Hebert, again out-thinking his enemy, had already withdrawn his men behind the fort to the secondary trench.

When the explosion was set off, it blew a crater in the fort that measured 12 feet deep and 40 feet in diameter.

A Union brigade poured into the yawning breech but instead of finding a clear path, encountered a wall of lead fired by the safely entrenched Louisiana, Missouri and Mississippi troops under Hebert's command.

A war correspondent for the Vicksburg Whig newspaper, who was an eyewitness, said, ''General Hebert, himself present during this engagement, acted with his usual coolness and intrepidity.'' But what military engineering science could not accomplish, starvation could and on July 4, 1863, the garrison surrendered.

The Confederate government soon declared all the surrendered general officers exchanged and returned to duty, but not the enlisted men. So Hebert found himself on duty but without a command.

President Jefferson Davis was on an inspection tour and Hebert consulted with him as to his course of action. The president informed Hebert that Major General W.H.C. Whiting, a classmate of Hebert's at West Point, had requested the Louisianan be made chief of artillery in the Department of North Carolina.
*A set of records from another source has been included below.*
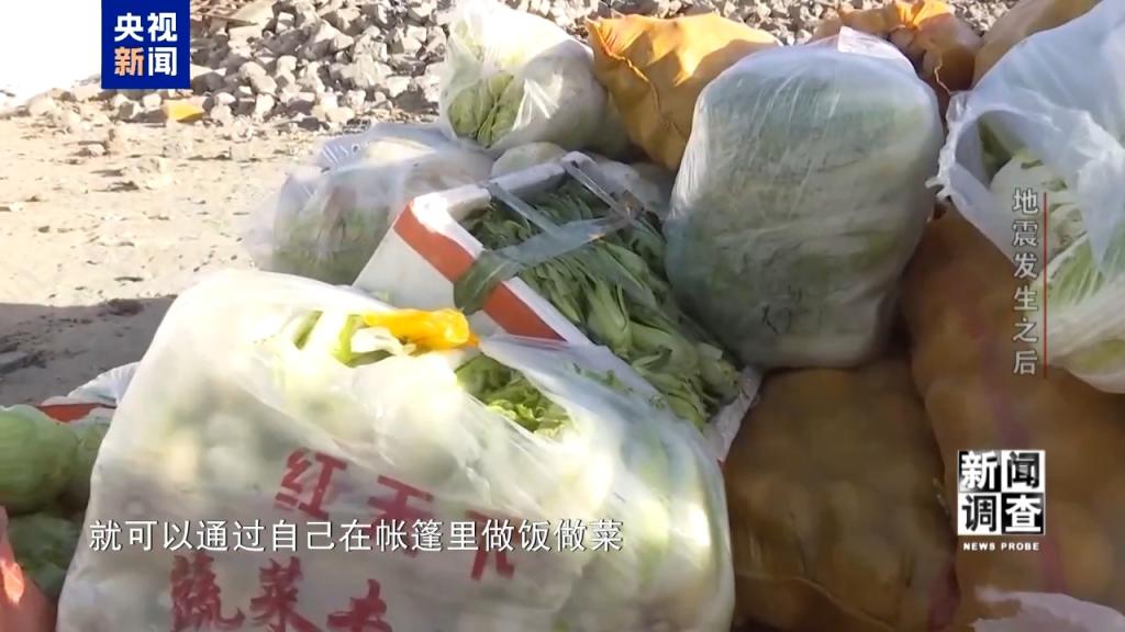 总台央视记者 张腾飞:还有一点让我们很意外的是,今天这里出现了新鲜的蔬菜,有大白菜、胡萝卜。刚才我们告诉大家,随着暖炉放进各个帐篷,既可以取暖又可以烧水做饭。还有非常新鲜的青菜,那么未来我们的老百姓就可以自己在帐篷里做饭做菜。最后再给大家看的,也是让我很意外的,在震区看到大量零食,有这样的膨化食品、瓜子,包括小朋友可能会喜欢的润喉糖。这里的物资保障的速度,超出了我此前的想象。
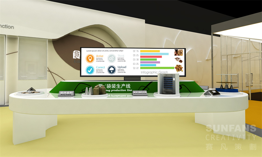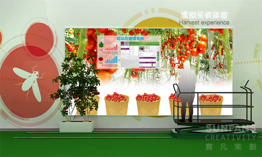 展館以工廠化農(nóng)業(yè)全產(chǎn)業(yè)鏈科技體驗(yàn)為主,我們將展示區(qū)劃分為四大分區(qū):果菜、葉菜、花卉和食用菌,按照農(nóng)業(yè)全產(chǎn)業(yè)鏈“種子——餐桌”的游覽線索,向參觀者奉上了一場胃口大開的“美食之旅”。
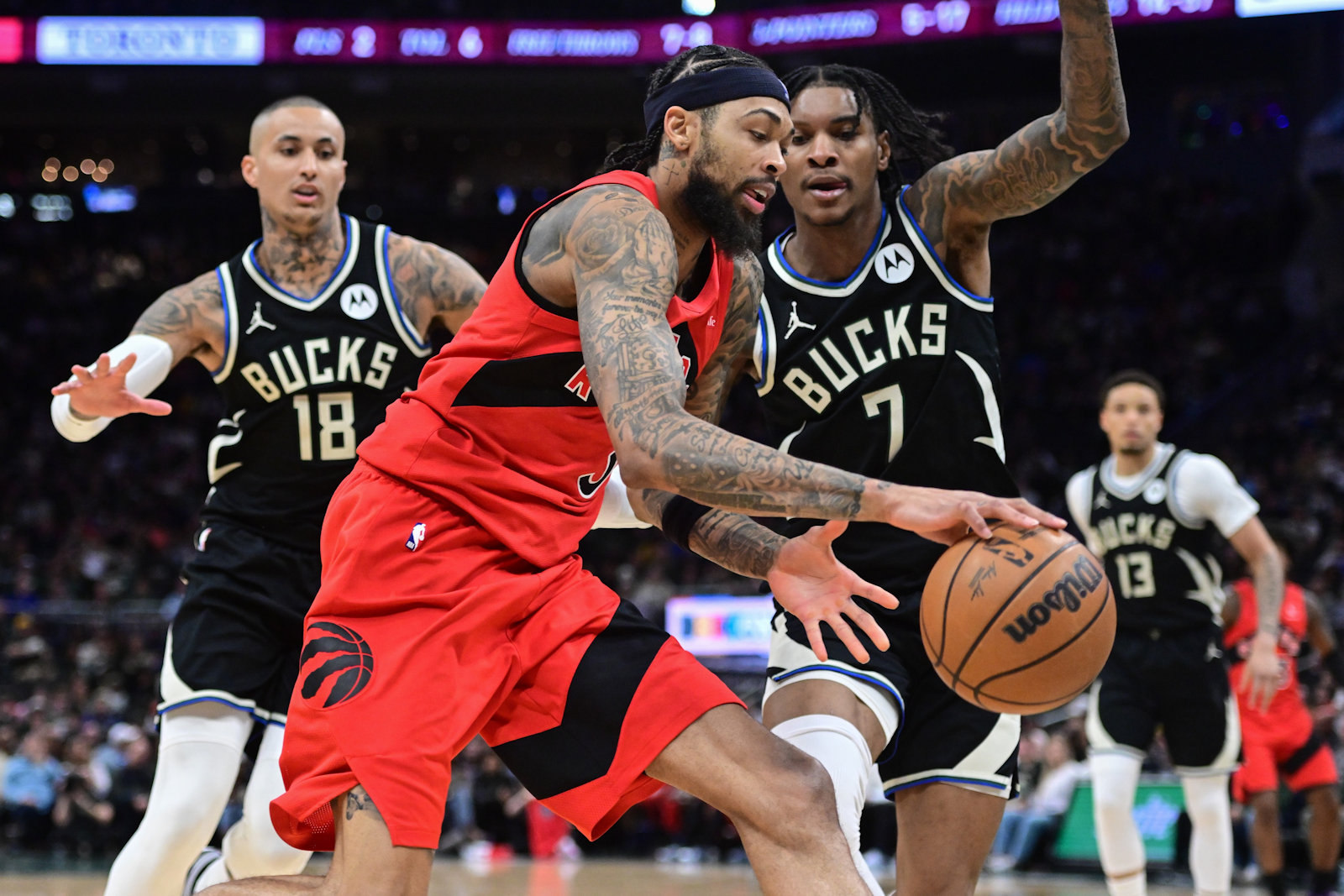 Pas de quatrième victoire consécutive pour Milwaukee, battu à la régulière par Toronto et son intraitable duo Quickley-Ingram (54 points et 15 passes en cumulé).
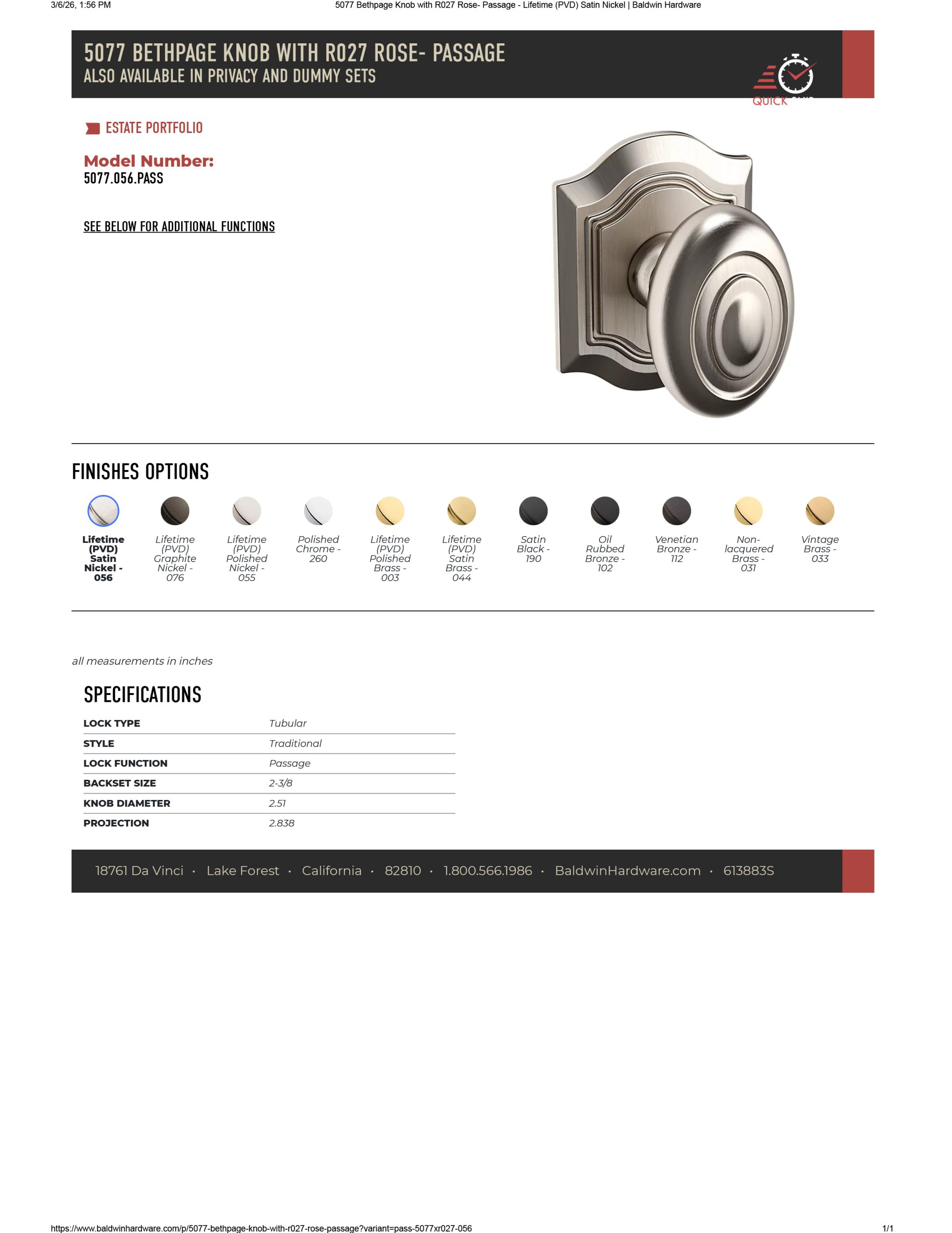 • Passage sets are fully functioning, non-locking sets typically used for hallways, closets or rooms where privacy is not desired.
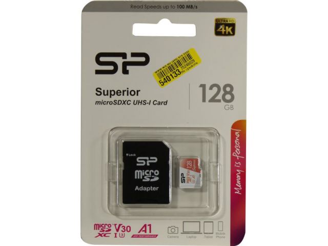 Карта памяти Silicon Power Superior SP128GBSTXDV3V20SP microSDXC A1, V30, UHS-I Class 3 (U3), Class 10 128 ГБ +microSD- SD адаптер
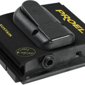 Pedal sustain Proel para guitarra. Modelo: GF-20. Switch temporal de sustain. Materiales de construcción: Termoplástico ABS, aluminio con pies antideslizantes yranuras empotradas. Ancho: 98 mm. Alto: 45 mm. Profundidad: 90 mm. Peso: 0.16 Kg. Color negro. Fuente de alimentación: 0.3A/30V DC. Salidas: NR.1 socket mono jack hembra ø 6.3 mm. Controles: Switch de polaridad.
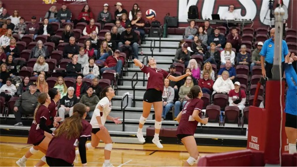 Valley City ND (VCSU) – The Valley City State University volleyball team took down (RV) Dakota State University in the final Frontier Conference home game of the season. The Vikings closed out the match in a nail-biting five sets. Set scores were 20-25, 25-23, 25-18,13-25, and 15-13.
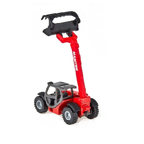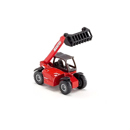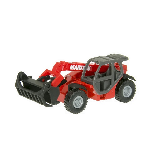 | Siku 1482 Manitou Teleskoplader. Ein Manitou-Teleskoplader ist heute im hofnahen Arbeitsbereich nicht mehr wegzudenken. Der flexible Teleskoplader ist sehr wendig und kann auch Lasten und Material in den zweiten Stock transportieren. Das aktuelle Modell des französischen Herstellers Manitou ist weltweit ein Synonym für diesen Maschinentyp. Der Ladearm ist wie die Standard-Silageschaufel beweglich. Der Teleskoplader Manitou von Siku besteht aus Metall mit Kunststoffteilen. Der Teleskoplader verfügt über eine Deichsel, an der alle Anhänger des gleichen Maßstabs angeschlossen werden können. Der Manitou Teleskoplader ist ungefähr im Maßstab 1:87 und lässt sich daher gut mit anderen Siku-Spielfahrzeugen im gleichen Maßstab kombinieren.
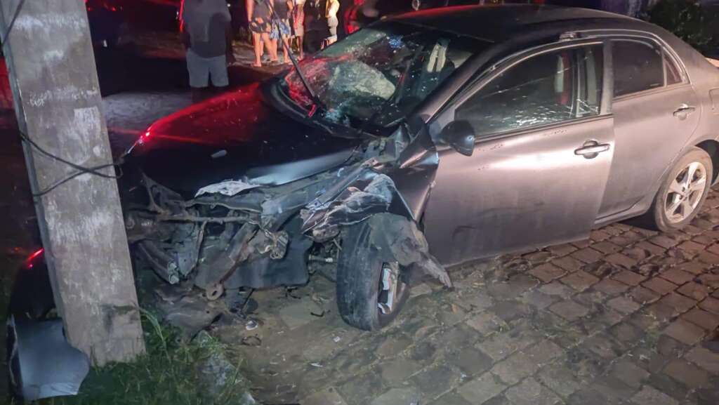 Na Rua Jorge Dipp, o motorista perdeu o controle do veículo e colidiu contra um poste, próximo a Rua Getúlio Vargas. O motorista teria fugido a pé para sua casa.
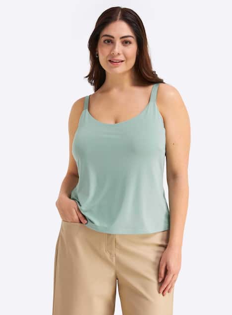Das Oberteil schmiegt sich sanft an den Körper an und trägt durch die doppellagige Verarbeitung nicht auf. Brustabnäher und verstellbare Träger sorgen für eine optimale Passform.
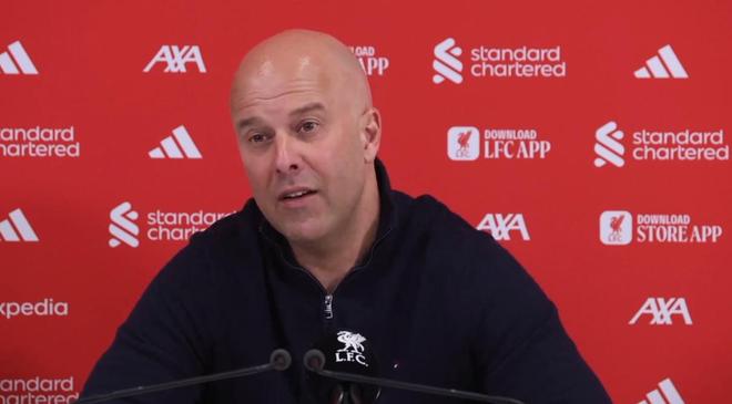 英超第28轮,利物浦主场5-2击败西汉姆联,赛后,红军主帅斯洛特出席新闻发布会接受媒体提问。
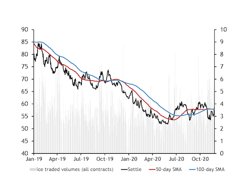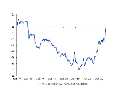 After shedding $5.35/t in the two weeks to 6 November ahead of new lockdown measures in Europe, the API 2 year-ahead has since gained $4.35/t to settle at $58.50/t on 24 November and was trading higher again as of 13:00 GMT on 25 November.
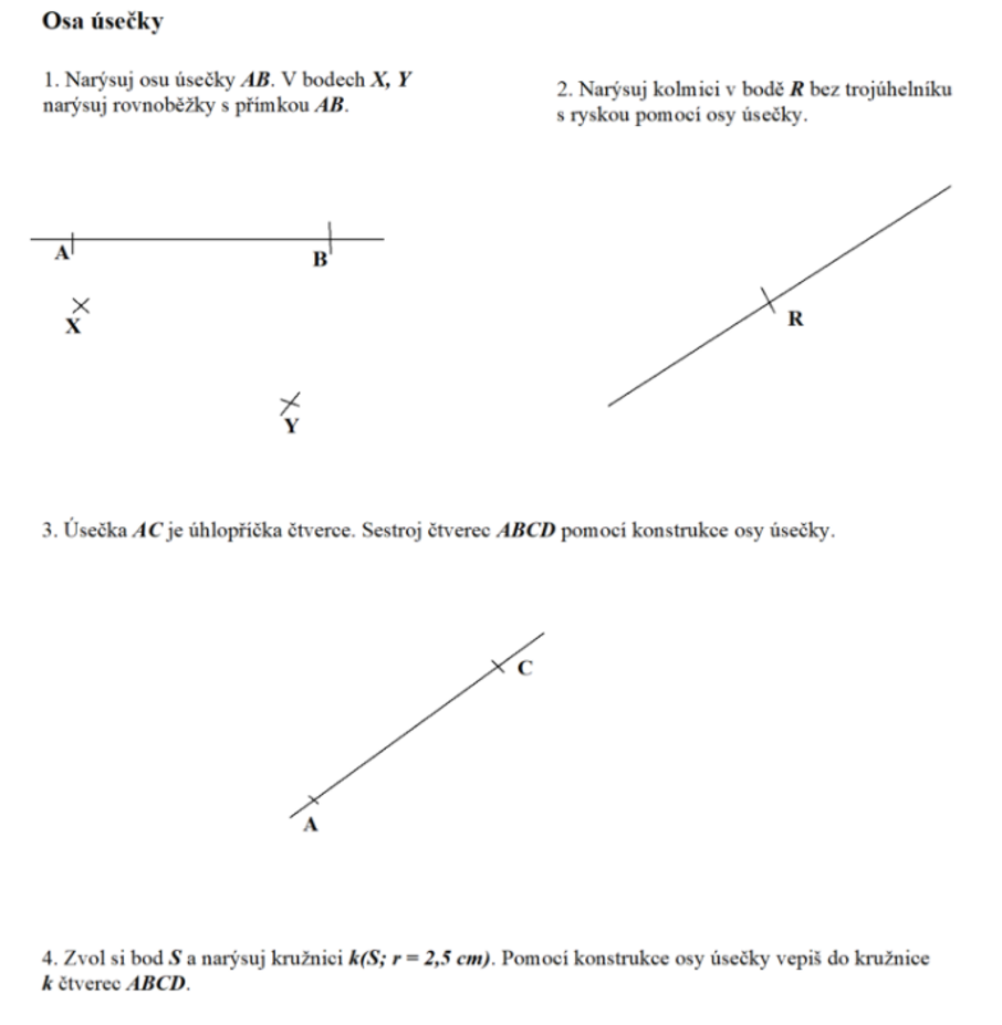 4) Narýsuj si úsečku Ab = 6 cm a CD = 7 cm a narýsuj jim osu
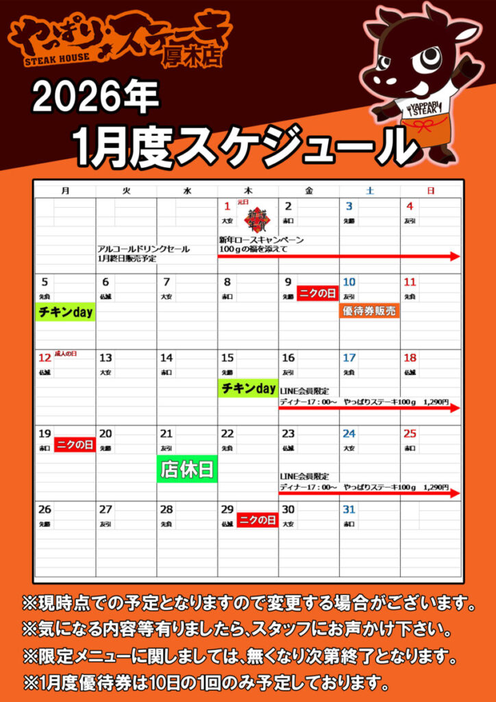 2026年度もやっぱりステーキ厚木店を宜しくお願いします。
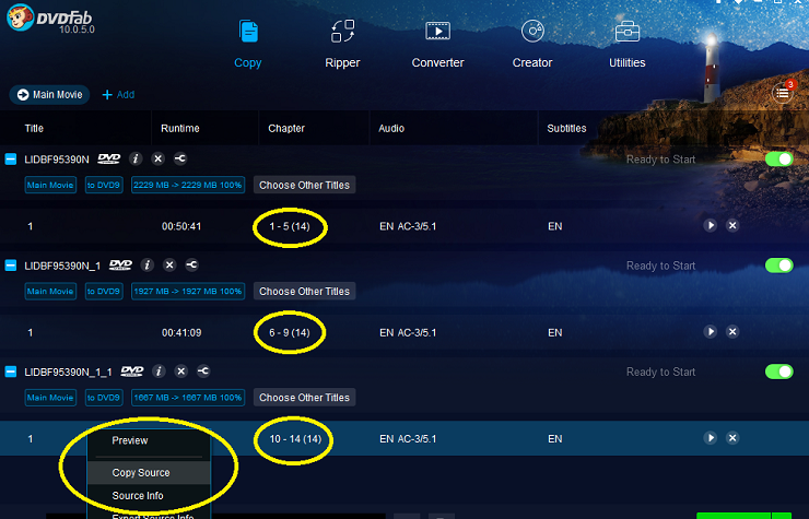 CaedenV Many TV shows like to bundle 6-7 episodes on a disc and split it up by chapters. Episode 1 being chapters 1-5, episode 2 would be 6-10 etc. etc. etc.Back in the DVDFab 8/9 days you could simply copy the source a few times, and assign each 'copy' to the chapters relating to each episode.Where is this option in DVDFab 10? I have been looking for a while now and I can't seem to find it.I appreciate the help! Thanks!
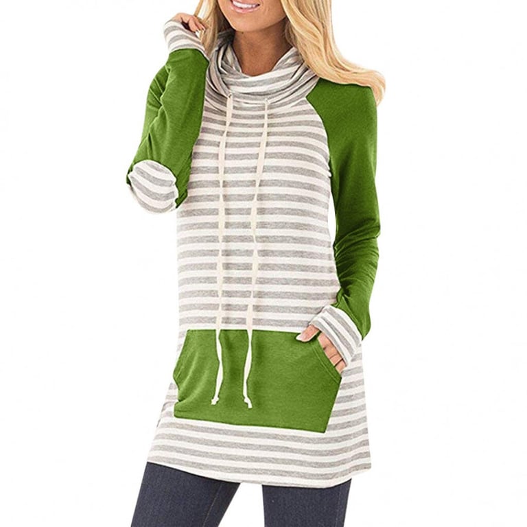 Women's hoodie with a hood and long sleeves. Loose longer fit and kangaroo pocket on the front. Striped pattern. Available in multiple colour options.
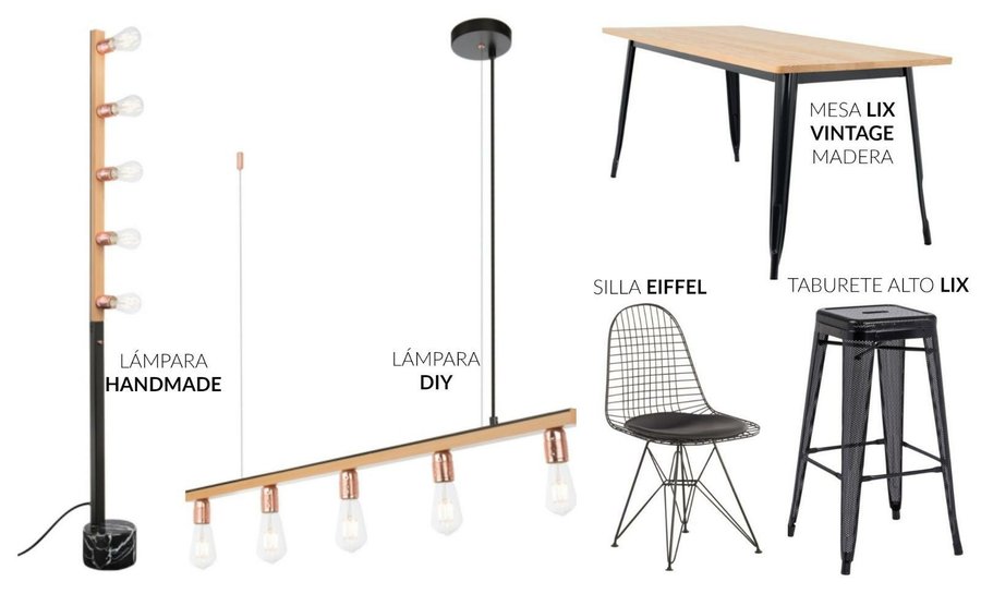 En este caso, y para hacer un homenaje al diseño industrial más tradicional, completamos el look con muebles en negro y madera. La mesa LIX VINTAGE, la silla EIFFEL y el taburete alto LIX son apuestas seguras si vuestro ideal decorativo son esos lofts neoyorquinos en los que tantas veces hemos soñado vivir.
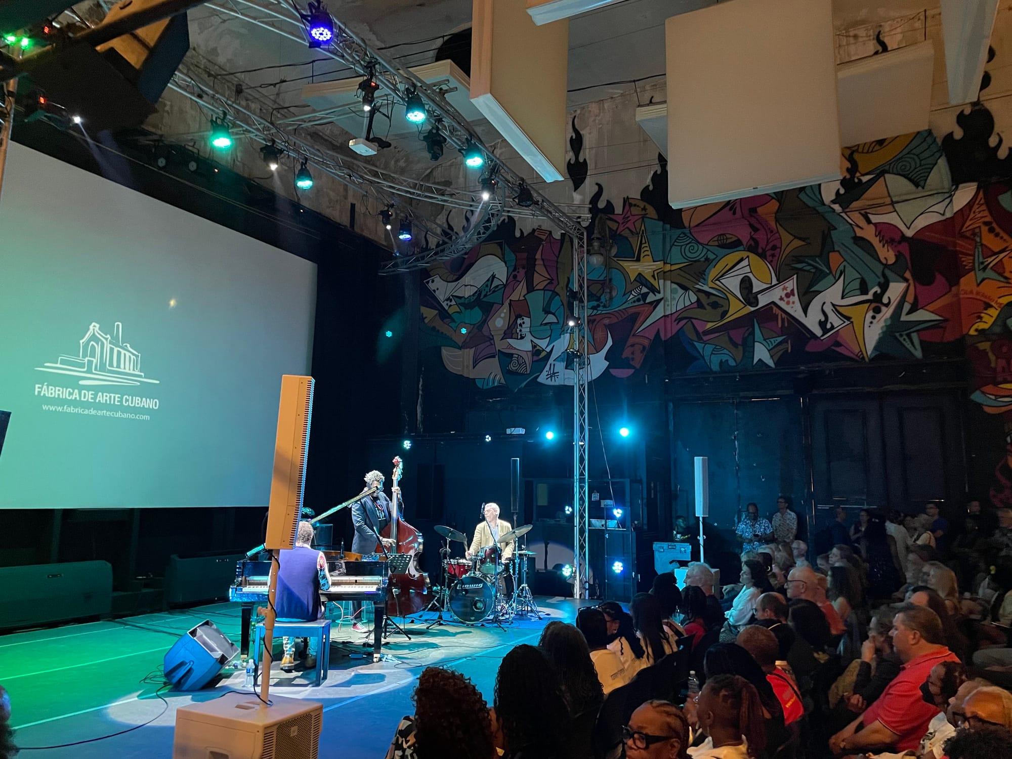 At La Fábrica de Arte, a converted cooking oil factory, one admission gives you access to a range of bars and venues—from high-ceilinged and muralized halls to crowded shipping containers and catwalks. The space is labyrinthine, and a destination in itself. But the experiential aspect of the evening poses some problems for performers, where a superb (and surprisingly outre) Jackie Terrasson trio was forced to compete with the clatter of a distracted crowd—seemingly cutting their set short for lack of attention. I know some lyrical Terrasson records from the 90s, but this group, featuring two Paris-based Cuban musicians, bassist Felipe Cabrera and drummer Lukmil Pérez, is far more exploratory. Terrasson operated percussively on his piano, channeling Afro-Cuban rhythms in a breakaway duet with Pérez, and Cabrera's searching solos seemed to clear a path through the bar's clamour.
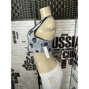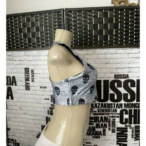 ITEM: Terez L Black Multi Skull Print Scoop Neck Racerback Sport Bra

He was only too happy to accept the offer.

Whiting immediately put Hebert in command of the forts, batteries, troops and defenses at the two mouths of the Cape Fear River, which protected the important seaport of Wilmington the most important of which were Fort Caswell, where Hebert was headquartered, and Fort Fisher.

By the end of 1864 Wilmington was the only large seaport still open to the Confederacy. European goods were flowing through the Union blockade and being forwarded up to Richmond and Robert E. Lee's Army of Northern Virginia.

When the Union finally got around to mounting a serious attempt to take Wilmington in December 1864 and January 1865, they concentrated on Fort Fisher and thus Hebert was on the sidelines at Fort Caswell when Fort Fisher fell on Jan. 15, 1865.

The end of the war soon followed and Hebert surrendered to Federal authorities and was released.

In the hard times that followed he lost his family plantation and took up teaching to support his family. He died Jan. 7, 1901, in St. Martin Parish.